▸ **Supplied data**:

▼▼▼

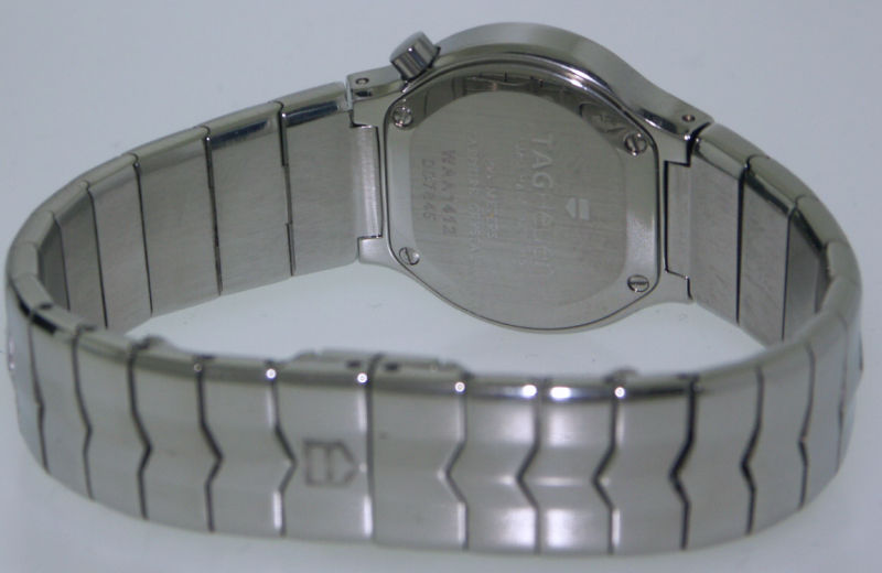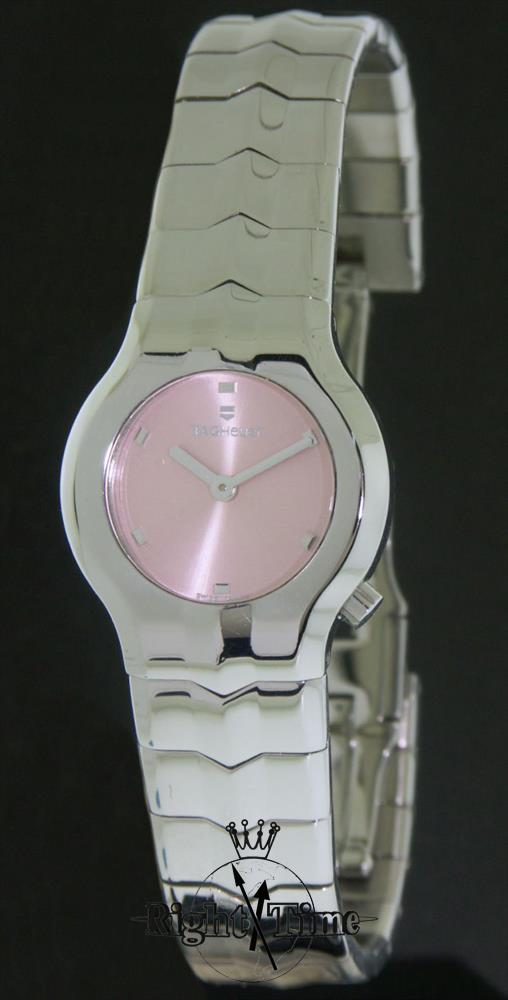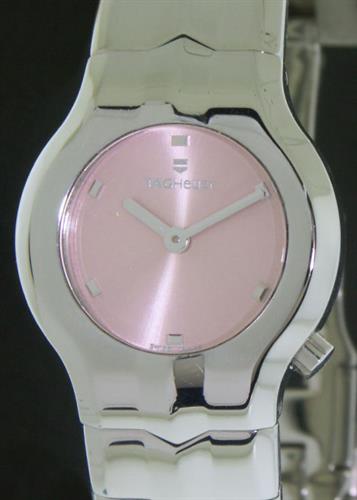 Ladies dressy sport Swiss quartz WAA1412.BA0760 model by Tag Heuer from the "Alter Ego" collection. This all polished stainless steel watch has a pretty pink/salmon color dial with silver hands and markers.
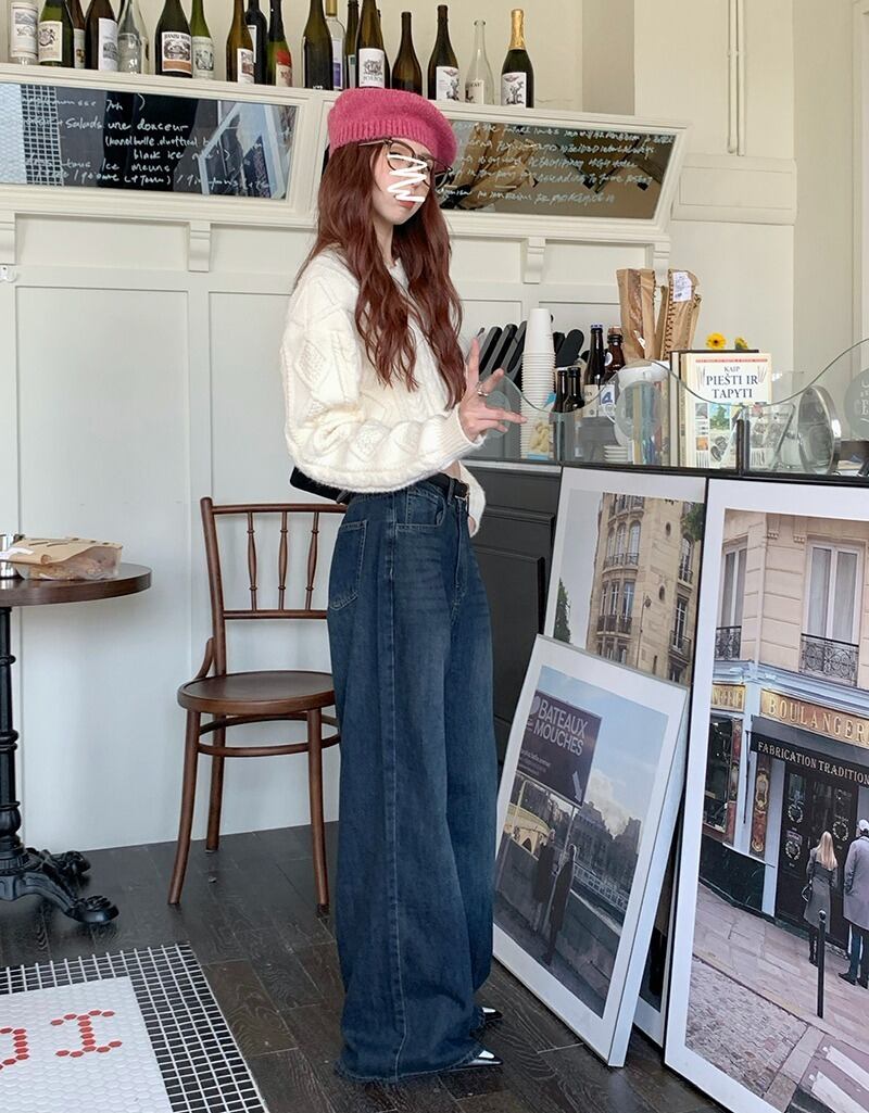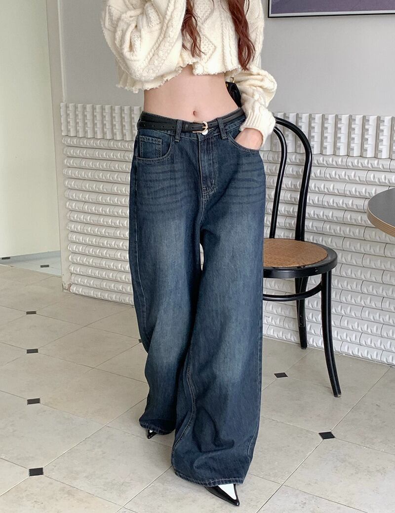 【韓国通販 dgo】ハイウエスト ワイドレッグ バギーパンツ ダークブルー(W3245)センス溢れるファッションitem
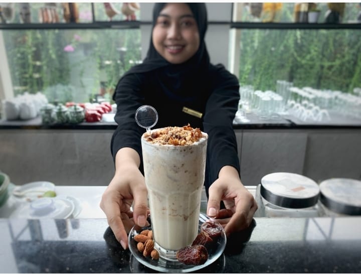 Surabaya, (pawartajatim.com) – Berasal dari Timur Tengah dengan bahan dasar buah kurma dan kacang almond, minuman Kurma Jallab sangat pas untuk dinikmati waktu berbuka puasa. “Berbukalah dengan yang manis, dari situlah menu Kurma Jallab ini kami ciptakan. Selain manis buah kurma, ada rasa gurih yang berasal dari kacang almond,” kata Food & Beverage Manager Hotel Swiss-Belinn Airport Surabaya, Andrian Wahyu Rimawan Sabtu (15/4).
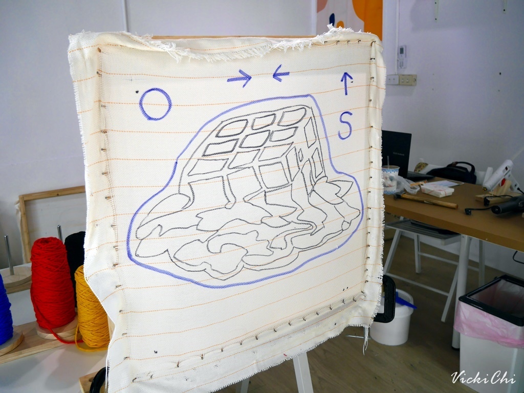 用簇絨槍打毛線的這面是地毯的「反面」,要到另外一邊才能看到實際的樣子。看著針織的痕跡,剛開始總覺得自己好像打壞圖案,老師說要到後面才會看到整個輪廓,我才放心繼續打下去。
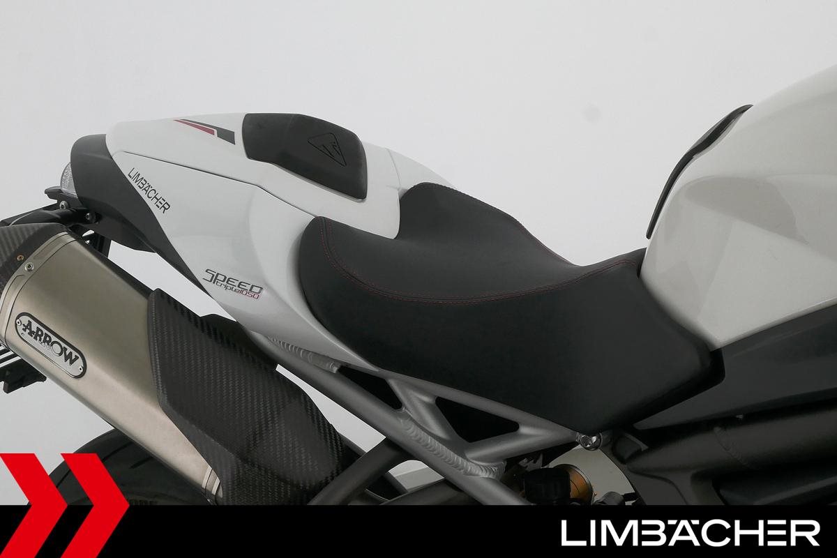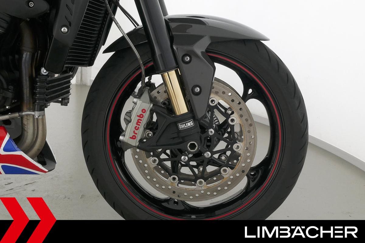 Eine scheckheftgepflegte Triumph Speed Triple 1050 RS in gepflegtem Zustand u.a. mit Öhlins-Fahrwerk und Arrow-Endschalldämpger.
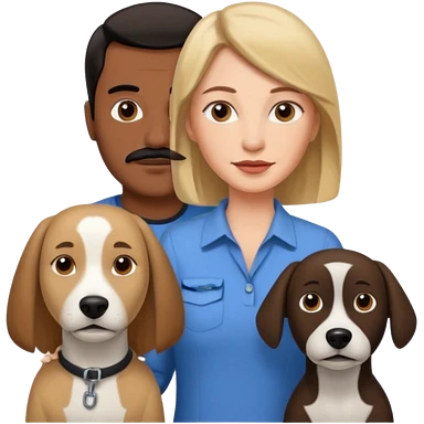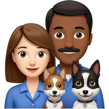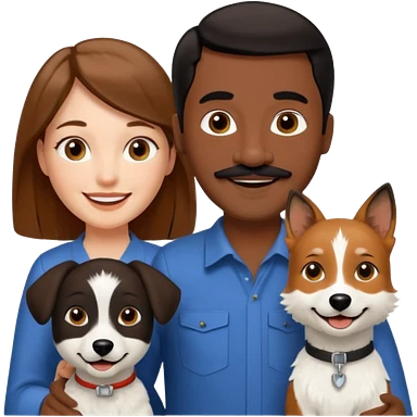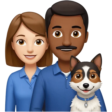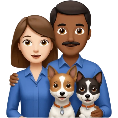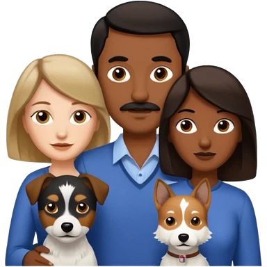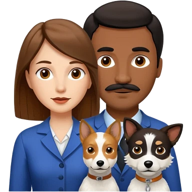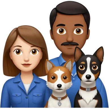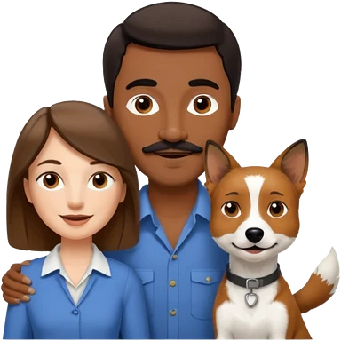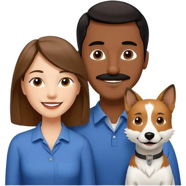 Quiero a una mujer blanca con el pelo por el hombro lacio castaño con un hombre de color morochito con el pelo negro y bigote, y un perro blanco Fox terrier emoji
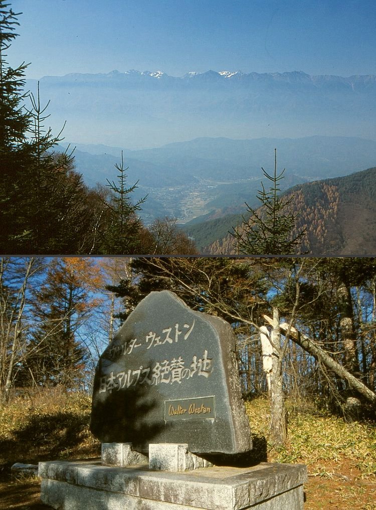 よく晴れた秋の一日、ウェストン師ゆかりの保福寺峠に行き、ついでに近くの二ッ石峰1563.3bにも登ってきましょうと、岩瀬晧祐さん(既出)が車を出してくれて、大森久雄さんと私たち二人、北アルプスの眺めが素晴らしいというこの峠へ、かつてのウェストンさんと同じように、私たちも上田側からあがっていった。ただし、明治24(1891)年8月2日の強烈な日差しの午後、ウェストンさんが汗を拭き拭き(に違いない)歩いて登った峠道を、113年後の今日は車に座ったままの楽ちん極まりない超特急、おまけに「さっき、道の駅で買ってきた岩瀬さん推奨のWまい泉Wのカツサンド、ほんとにおいしそうですね、お昼はどこにします、早く食べたいですね」なんて、好き勝手をいっている。
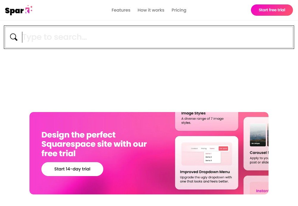 If you want to add a search bar to your Squarespace site’s header, you can’t do this natively in Squarespace. However, you can add one with Spark Plugin’s Squarespace search plugin!
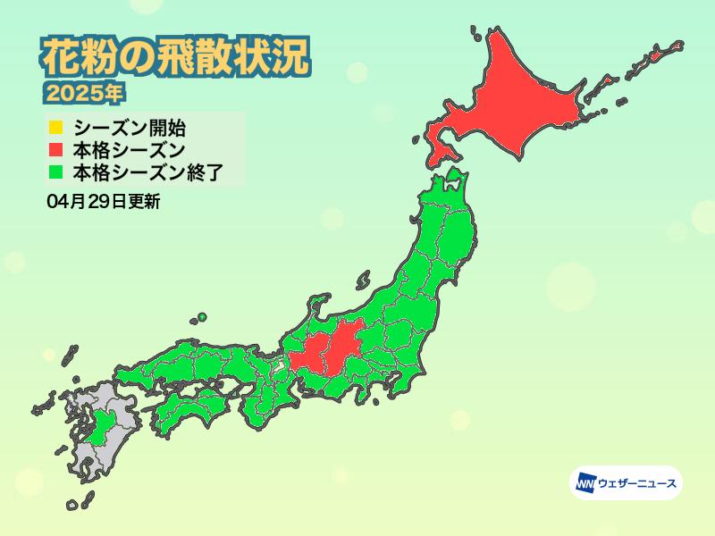 今日29日(火)までに愛知など8県で新たに本格花粉シーズンが終了したとみています。
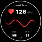 You can check your current heart rate and view the graph of historical heart rate values. For a correct measurement the watch must be correctly adjusted to your wrist.
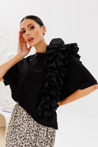 Туника женская свободного силуэта выполнена из тонкого трикотажа, крой рукава летучая мышь 3/4, воротник с драпировкой в виде шальки, длина туники по спинке 75 см.
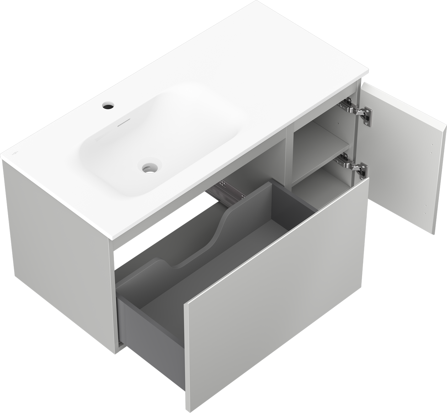 Mexen Orio ντουλάπι μπάνιου 100 cm με νιπτήρα Vela αριστερά, 1S, 1D, γκρι ματ/λευκό
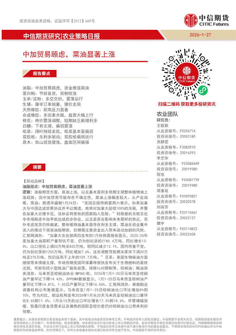 中信期货-农业策略日报:中加贸易顾虑,菜油显著上涨-260127
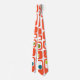 Cette cravate a un design de rectangles orange avec des cercles dans les différentes nuances de vert et de bleu.
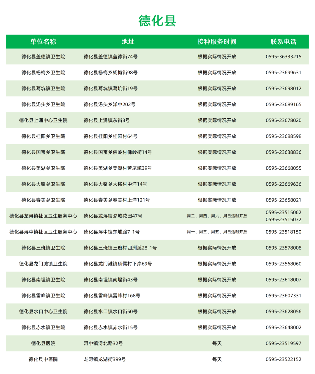 泉州市德化縣新冠病毒疫苗接種點(diǎn)信息
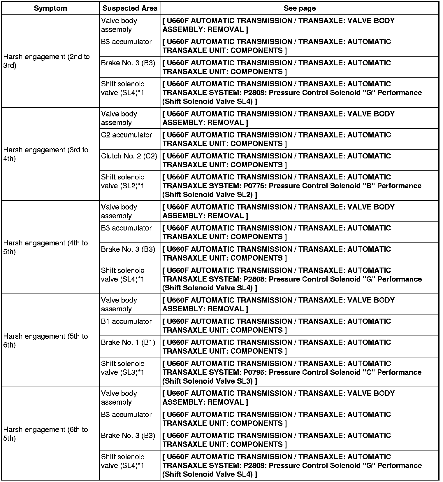 U660F AUTOMATIC TRANSMISSION / TRANSAXLE: AUTOMATIC TRANSAXLE SYSTEM: PROBLEM SYMPTOMS TABLE
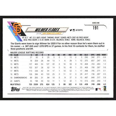 This is a 2021 Topps Wilmer Flores baseball card. The card is #191 and pictures show condition.
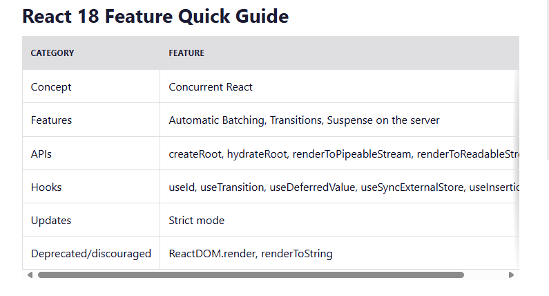 - Concurrent Rendering: Improves performance by allowing React to work on multiple tasks simultaneously without blocking the main thread.
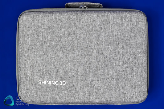 The scanner comes with a fabric travel case like a hard-shell suitcase, branded with the Shining 3D logo on the front. These travel cases have become standard with USB scanners and can be used to transport the scanner around.
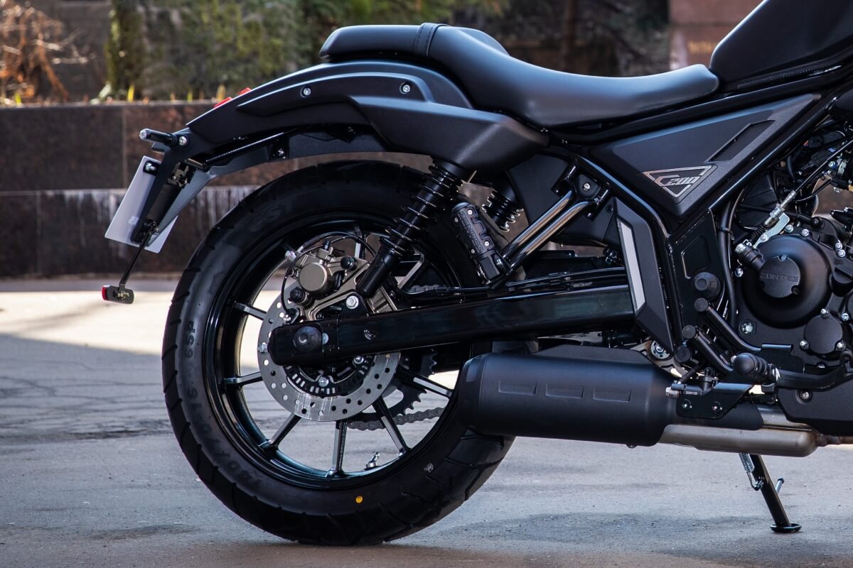 198 ТипКруизер Мощность, л.с.21.89 ДвигательОдноцилиндровый, 4-тактный ОхлаждениеЖидкостное Система подачи топливаИнжектор BOSCH Емкость бака, л.16 Передняя подвескаТелескопическая вилка Задняя подвескаДва газонаполненных амортизатора Передний тормозДисковый гидравлический с ABS Задний тормозДисковый гидравлический с ABS Колеса16/16 Длина*Ширина*Высота, мм2100x845x1120 База, мм1 485 Высота по седлу, мм700 Вес, кг154 Скорость, км/ч120 -
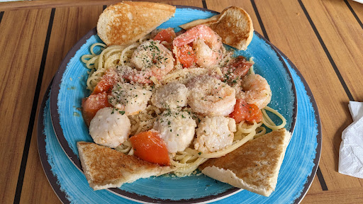 Read moreChill outdoor deck with lots of tables. Live band. Very casual. Family friendly. Able to accommodate big groups. Deceiving big and able to sit quickly with no wait. Friendly wait staff and service. Food was fast, served in baskets. Food was pretty good - Mahi Mahi tacos were good, blackened grouper was prepared well. French dip and burgers were good. Do not recommend the Filet mengion, it was not the best..more like a sirloin and overcooked. Beautiful sunset view from the deck. Cute fishing village with lots of beauty restaurants. Portions were small and prices were a little high given the quality of food. Disappointed with overall availability.. they had no plates, no potatoes, ran out of...
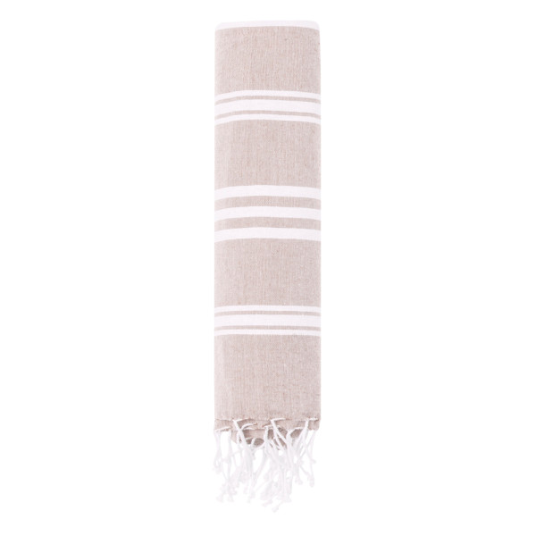 Soft pareo towel in a combination of 130g/m2 recycled cotton on the front side and 125g/m2 polyester at the back. Available in a wide range of two-tone colours, with side label. Presented in an individual bag.
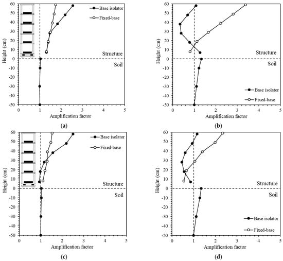 Amplification factors of pile-supported structures: (a) Dr = 40%, 4.09 Hz; (b) Dr = 40%, 18.45 Hz; (c) Dr = 80%, 4.09 Hz; (d) Dr = 80%, 18.45 Hz.

▲▲▲

▸ **Task directions**: Within the listing above, the lines from the one with "Туника женская свободного" through the one with "泉州市德化縣新冠病毒疫苗接種點(diǎn)信息" are to be given again word for word. Do not include pictures.

▸ **Solution**:
 Туника женская свободного силуэта выполнена из тонкого трикотажа, крой рукава летучая мышь 3/4, воротник с драпировкой в виде шальки, длина туники по спинке 75 см.
 Mexen Orio ντουλάπι μπάνιου 100 cm με νιπτήρα Vela αριστερά, 1S, 1D, γκρι ματ/λευκό
 中信期货-农业策略日报:中加贸易顾虑,菜油显著上涨-260127
 Cette cravate a un design de rectangles orange avec des cercles dans les différentes nuances de vert et de bleu.
 泉州市德化縣新冠病毒疫苗接種點(diǎn)信息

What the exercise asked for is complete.